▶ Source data
###
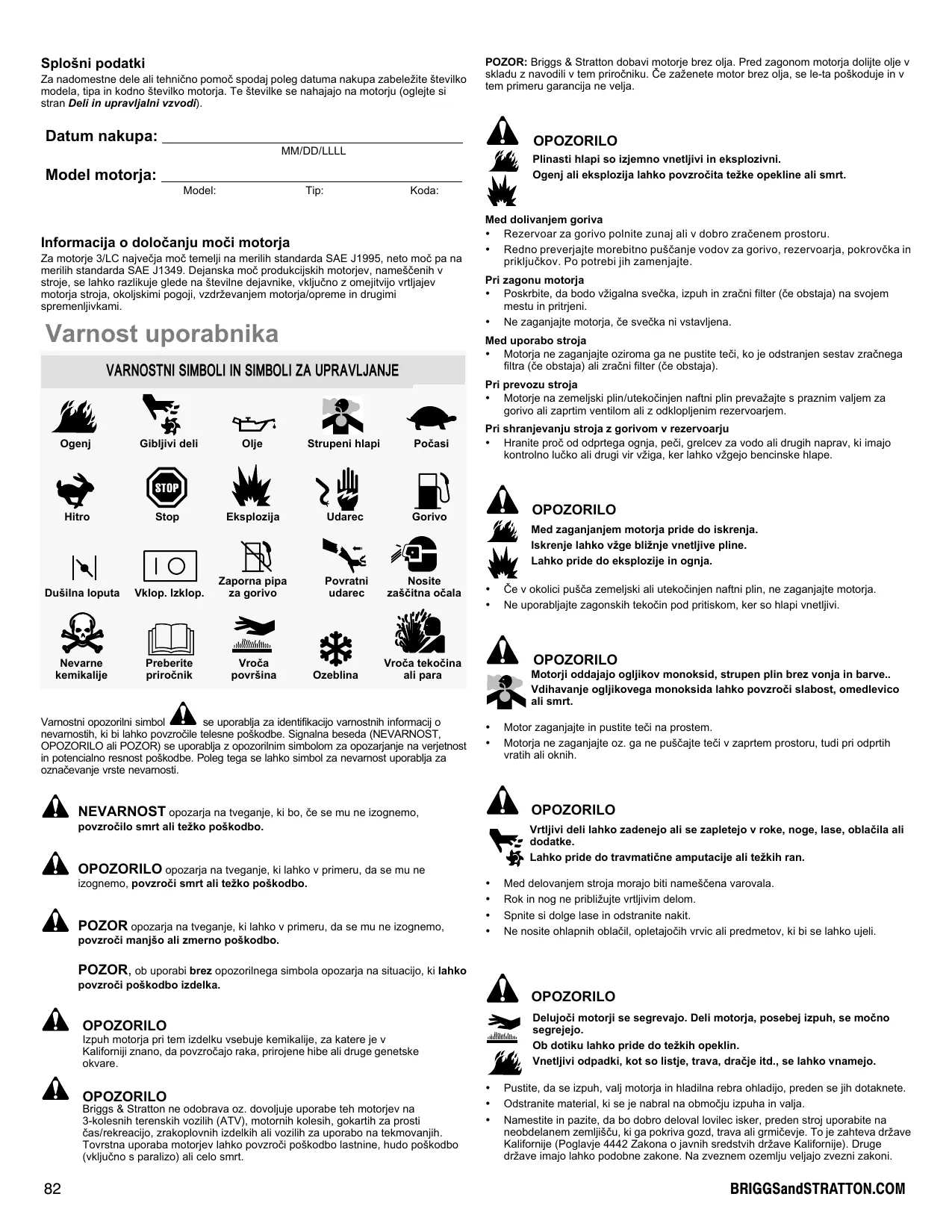 Ogenj Strupeni hlapi Poëasi Hitro Stop Eksplozija Udarec Gorivo N Oro NN “x & Zaporna pipa Povratni Nosite Duëilna loputa Vklop.lzklop. za gorivo udarec zaëëitna oëala ass © A Nevarne Preberite Vroëa Vroëa tekoëina kemikalije priroënik povrëina Ozeblina ali para Vamostni opozorini simbol À se uporablja za identifkacio vamostnih informaci) o nevamosth, ki bi lahko povzroëile telesne poékodbe. Signaina beseda (NEVARNOST, OPOZORILO ali POZOR) se uporablja z opozorinim simbolom za opozarjanie na verjetnost in potencialno resnost poëkodbe. Poleg tega se lahko simbol za nevamost uporablja za oznaëevanje vrste nevarnosti. À nEVARNOST opozaa na tvegani, bo, 6e se mu ne izognemo, povzroëilo smrt ali tezko poëkodbo. PIN OPOZORILO opozarja na tveganje, ki lahko v primeru, da se mu ne izognemo, povzroëi smrt ali tezko poëkodbo. POZOR opozarja na tveganje, ki lahko v primeru, da se mu ne izognemo, povzroëi manjéo ali zmerno poëkodbo. POZOR, ob uporabi brez opozorilnega simbola opozarja na situacijo, ki lahko povzroëi poëkodbo izdelka. OPOZORILO Izpuh motorja pri tem izdelku vsebuje kemikalije, za katere je v Kaliforniji znano, da povzroëajo raka, prirojene hibe li druge genetske okvare. OPOZORILO Briggs & Stratton ne odobrava oz. dovoljuje uporabe teh motorjev na 3-kolesnih terenskih vozili (ATV), motornih kolesih, gokartih za prosti &aslrekreacijo, zrakoplovnih izdelkih ali vozilih za uporabo na tekmovanjih. Tovrstna uporaba motorjev lahko povzroëi poëkodbo lastnine, hudo poëkodbo {kjuëno s paralizo) ali celo smr.
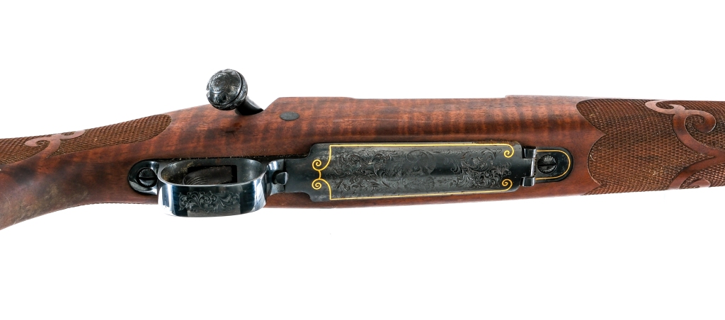 Description Winchester Model 70 Ultra Grade 1 of 1000 in .270 Winchester with a five round capacity and a 22″ tapered barrel. Made in New Haven Connecticut between 1982 and 1983 with serial number UG 89. Rubber butt pad. Checkered fine figured walnut stock and Schnabel style front forend. Blued trigger guard, serrated trigger, receiver, bolt handle and barrel. Gold inlays around the muzzle end of barrel, receiver, rear of barrel and magazine floor plate. Jeweled bolt body. Engraved pistol grip cap, trigger guard, magazine floor plate, bolt handle and receiver. Engraved and signed on the top rear of receiver by Bottega C. Giovanelli. Rear bolt safety switch. Rear left side of receiver bolt release. No fixed sights. Metal eyelets and loops for mounting a shoulder sling. Must ship to a FFL holder. Condition: Good with spots of rust and handling wear. Clean rifled bore. Barrel Length: 22″ Serial: UG89 Manufacturer: Winchester Caliber: .270 Win Model: 70 Ultra Grade 1 of 1000 Year-Range 1982-1983 Book# 05746
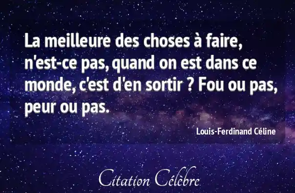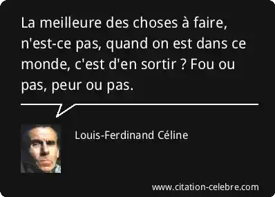 La meilleure des choses à faire, n'est-ce pas, quand on est dans ce monde, c'est d'en sortir ? Fou ou pas, peur ou pas.
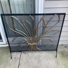 Rare Vintage Fireplace Black Iron Fire Place Screen Brass Wheat Motif 35”
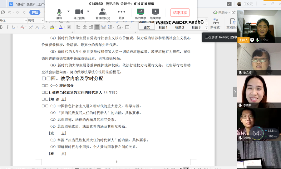 2020年3月28日,“基础课”教研室利用腾讯会议软件进行了2020年第二次视频工作会议。本次会议由教研室主任王立云主持,教研室全体教师参加了会议。
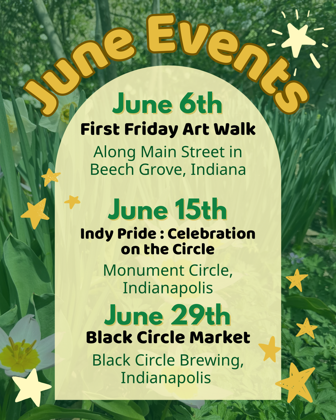 Jun 29 Black Circle Market Sunday, June 29, 2025 12:00 PM 5:00 PM Google Calendar ICS Located at Black Circle Brewing, Indianapolis View Event → Jun 15 Indy Pride: Celebration on the Circle Sunday, June 15, 2025 12:00 PM 5:00 PM Google Calendar ICS Located at Monument Circle in Indianapolis View Event → Jun 6 First Friday Art Walk Friday, June 6, 2025 5:30 PM 9:00 PM Google Calendar ICS Located Along Main Street in Beech Grove, Indiana View Event →
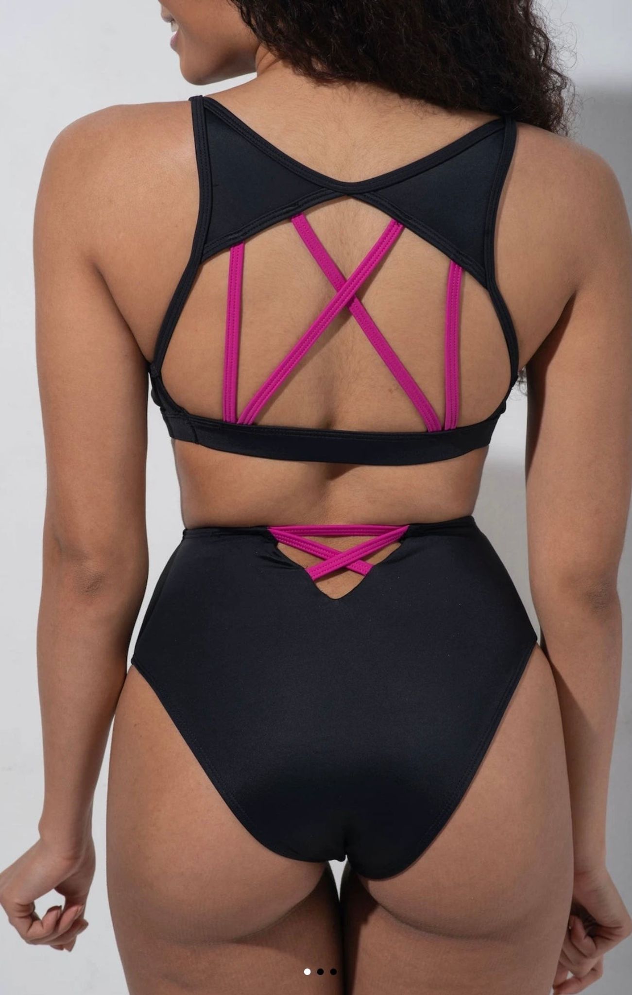 Fearless bottom comes in an all time classic black recycled lycra, it’s high-waisted and super comfy. From the front you think that is a standard black bottom, but wait until you see the back. It comes with a playful pattern, made from recycled magenta lycra and it is perfect for that extra oomph.
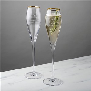 .Engraved Wedding Couple Gold Rim Champagne Flutes
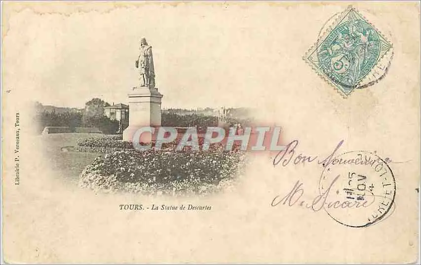 Cartes postales Tours La Statue de Descartes (carte 1900)
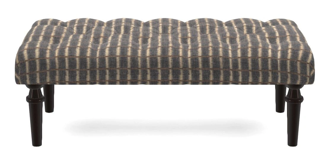 Pentlow Bespoke Small Buttoned Footstools in V&A Threads of India on Linen - Ikat Mirage : Ebony
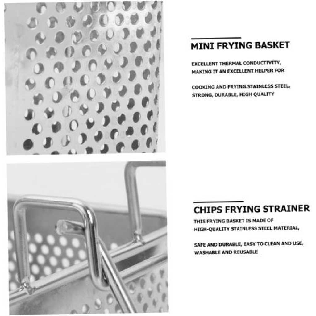 Key Features: DEEP FRYER BASKET AIR FRYER MESH BASKET FISH FRY BASKET SMALL FRYER BASKET FRENCH FRY SERVING BASKET FRYER BASKETS WIRE BASKET FOR DEEP FRYING FRYING BASKET FOOD COLANDER MESH DEEP FRY BASKET STRAINER STAINLESS STEEL– The circular and evenly distributed drain hole can drain french fries basket oil quickly and clean. SMALL FRYER BASKET– Frying Basket Excellent thermal conductivity, making it an excellent helper for cooking and frying. AIR FRYER MESH BASKET– potatoes frying basket Excellent thermal conductivity, making it an excellent helper for cooking and frying. FRYING BASKET– handle stay cool to the touch. STAINLESS STEEL SKIMMER– The handle that can be easily disassembled french fries basket is convenient for storage and does not take up more space.
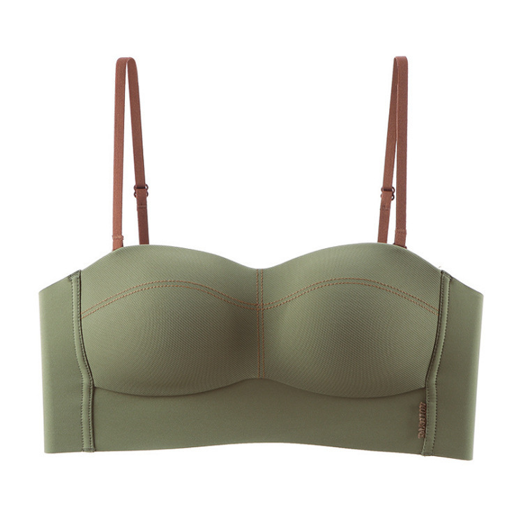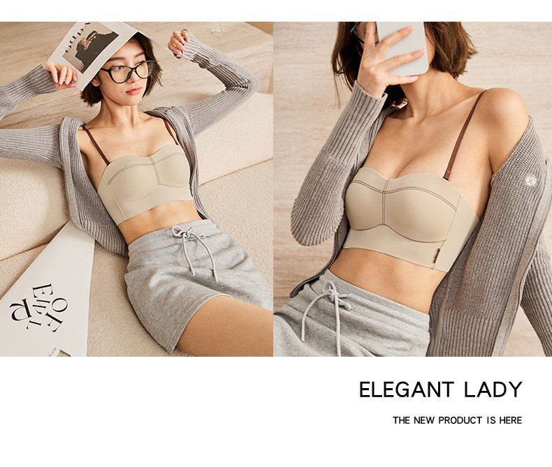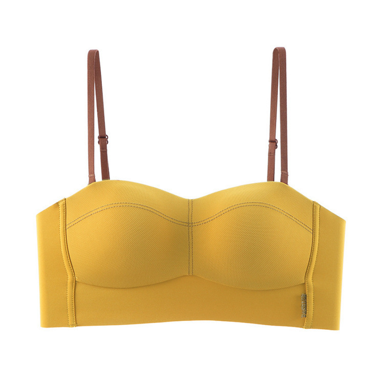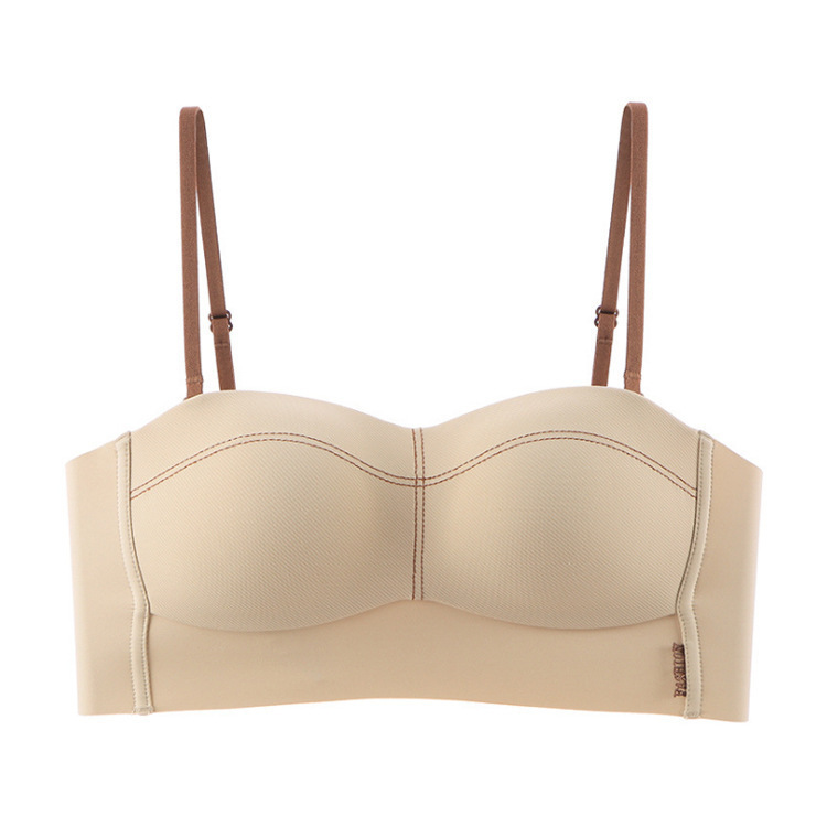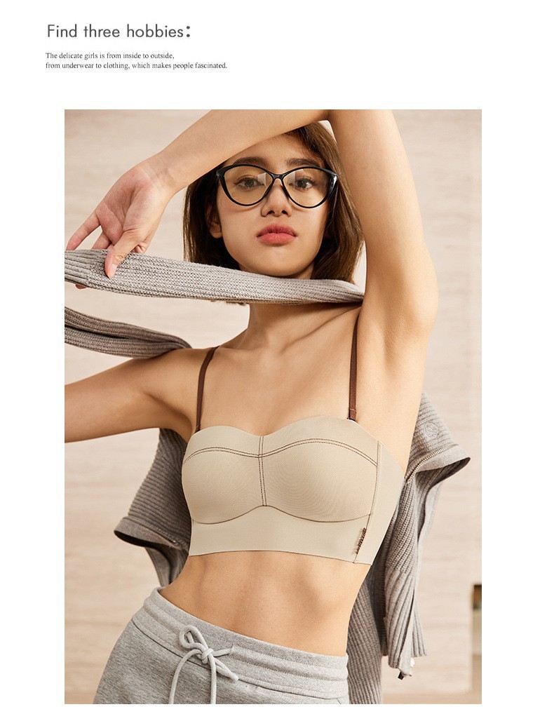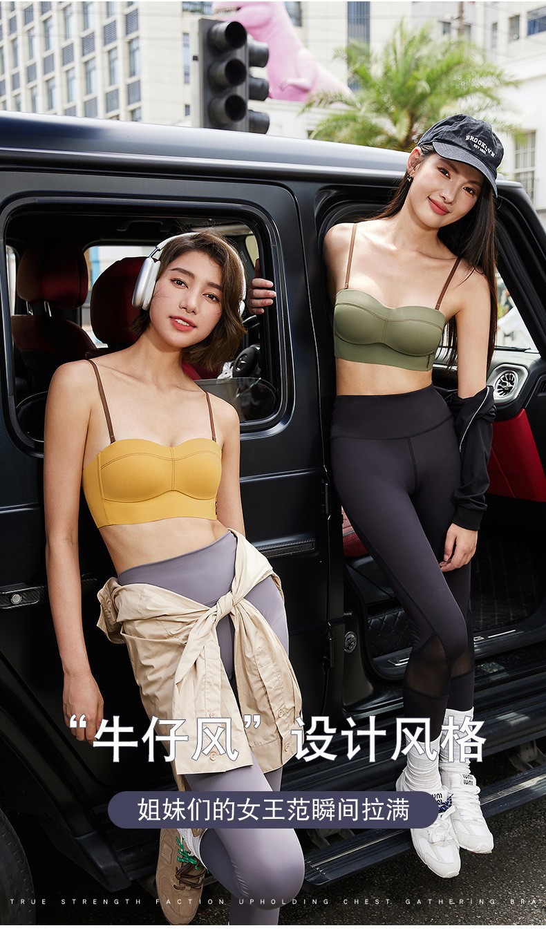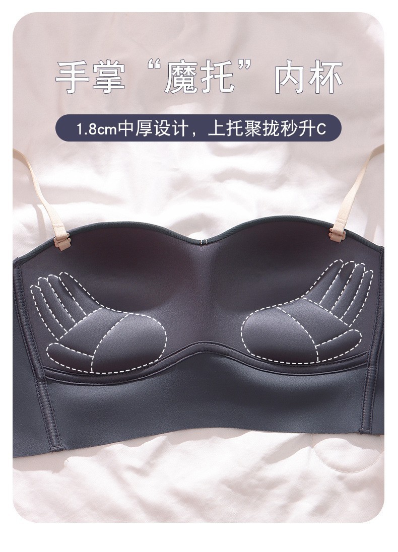6059牛仔风撞色一体式3D罩杯抹胸内衣高侧比中厚侧收聚拢裹胸文胸
###
▶ Assignment
From the first line to the last, copy the records exactly and skip the pictures.

▶ Written answer
 Ogenj Strupeni hlapi Poëasi Hitro Stop Eksplozija Udarec Gorivo N Oro NN “x & Zaporna pipa Povratni Nosite Duëilna loputa Vklop.lzklop. za gorivo udarec zaëëitna oëala ass © A Nevarne Preberite Vroëa Vroëa tekoëina kemikalije priroënik povrëina Ozeblina ali para Vamostni opozorini simbol À se uporablja za identifkacio vamostnih informaci) o nevamosth, ki bi lahko povzroëile telesne poékodbe. Signaina beseda (NEVARNOST, OPOZORILO ali POZOR) se uporablja z opozorinim simbolom za opozarjanie na verjetnost in potencialno resnost poëkodbe. Poleg tega se lahko simbol za nevamost uporablja za oznaëevanje vrste nevarnosti. À nEVARNOST opozaa na tvegani, bo, 6e se mu ne izognemo, povzroëilo smrt ali tezko poëkodbo. PIN OPOZORILO opozarja na tveganje, ki lahko v primeru, da se mu ne izognemo, povzroëi smrt ali tezko poëkodbo. POZOR opozarja na tveganje, ki lahko v primeru, da se mu ne izognemo, povzroëi manjéo ali zmerno poëkodbo. POZOR, ob uporabi brez opozorilnega simbola opozarja na situacijo, ki lahko povzroëi poëkodbo izdelka. OPOZORILO Izpuh motorja pri tem izdelku vsebuje kemikalije, za katere je v Kaliforniji znano, da povzroëajo raka, prirojene hibe li druge genetske okvare. OPOZORILO Briggs & Stratton ne odobrava oz. dovoljuje uporabe teh motorjev na 3-kolesnih terenskih vozili (ATV), motornih kolesih, gokartih za prosti &aslrekreacijo, zrakoplovnih izdelkih ali vozilih za uporabo na tekmovanjih. Tovrstna uporaba motorjev lahko povzroëi poëkodbo lastnine, hudo poëkodbo {kjuëno s paralizo) ali celo smr.
 Description Winchester Model 70 Ultra Grade 1 of 1000 in .270 Winchester with a five round capacity and a 22″ tapered barrel. Made in New Haven Connecticut between 1982 and 1983 with serial number UG 89. Rubber butt pad. Checkered fine figured walnut stock and Schnabel style front forend. Blued trigger guard, serrated trigger, receiver, bolt handle and barrel. Gold inlays around the muzzle end of barrel, receiver, rear of barrel and magazine floor plate. Jeweled bolt body. Engraved pistol grip cap, trigger guard, magazine floor plate, bolt handle and receiver. Engraved and signed on the top rear of receiver by Bottega C. Giovanelli. Rear bolt safety switch. Rear left side of receiver bolt release. No fixed sights. Metal eyelets and loops for mounting a shoulder sling. Must ship to a FFL holder. Condition: Good with spots of rust and handling wear. Clean rifled bore. Barrel Length: 22″ Serial: UG89 Manufacturer: Winchester Caliber: .270 Win Model: 70 Ultra Grade 1 of 1000 Year-Range 1982-1983 Book# 05746
 La meilleure des choses à faire, n'est-ce pas, quand on est dans ce monde, c'est d'en sortir ? Fou ou pas, peur ou pas.
 Rare Vintage Fireplace Black Iron Fire Place Screen Brass Wheat Motif 35”
 2020年3月28日,“基础课”教研室利用腾讯会议软件进行了2020年第二次视频工作会议。本次会议由教研室主任王立云主持,教研室全体教师参加了会议。
 Jun 29 Black Circle Market Sunday, June 29, 2025 12:00 PM 5:00 PM Google Calendar ICS Located at Black Circle Brewing, Indianapolis View Event → Jun 15 Indy Pride: Celebration on the Circle Sunday, June 15, 2025 12:00 PM 5:00 PM Google Calendar ICS Located at Monument Circle in Indianapolis View Event → Jun 6 First Friday Art Walk Friday, June 6, 2025 5:30 PM 9:00 PM Google Calendar ICS Located Along Main Street in Beech Grove, Indiana View Event →
 Fearless bottom comes in an all time classic black recycled lycra, it’s high-waisted and super comfy. From the front you think that is a standard black bottom, but wait until you see the back. It comes with a playful pattern, made from recycled magenta lycra and it is perfect for that extra oomph.
 .Engraved Wedding Couple Gold Rim Champagne Flutes
 Cartes postales Tours La Statue de Descartes (carte 1900)
 Pentlow Bespoke Small Buttoned Footstools in V&A Threads of India on Linen - Ikat Mirage : Ebony
 Key Features: DEEP FRYER BASKET AIR FRYER MESH BASKET FISH FRY BASKET SMALL FRYER BASKET FRENCH FRY SERVING BASKET FRYER BASKETS WIRE BASKET FOR DEEP FRYING FRYING BASKET FOOD COLANDER MESH DEEP FRY BASKET STRAINER STAINLESS STEEL– The circular and evenly distributed drain hole can drain french fries basket oil quickly and clean. SMALL FRYER BASKET– Frying Basket Excellent thermal conductivity, making it an excellent helper for cooking and frying. AIR FRYER MESH BASKET– potatoes frying basket Excellent thermal conductivity, making it an excellent helper for cooking and frying. FRYING BASKET– handle stay cool to the touch. STAINLESS STEEL SKIMMER– The handle that can be easily disassembled french fries basket is convenient for storage and does not take up more space.
6059牛仔风撞色一体式3D罩杯抹胸内衣高侧比中厚侧收聚拢裹胸文胸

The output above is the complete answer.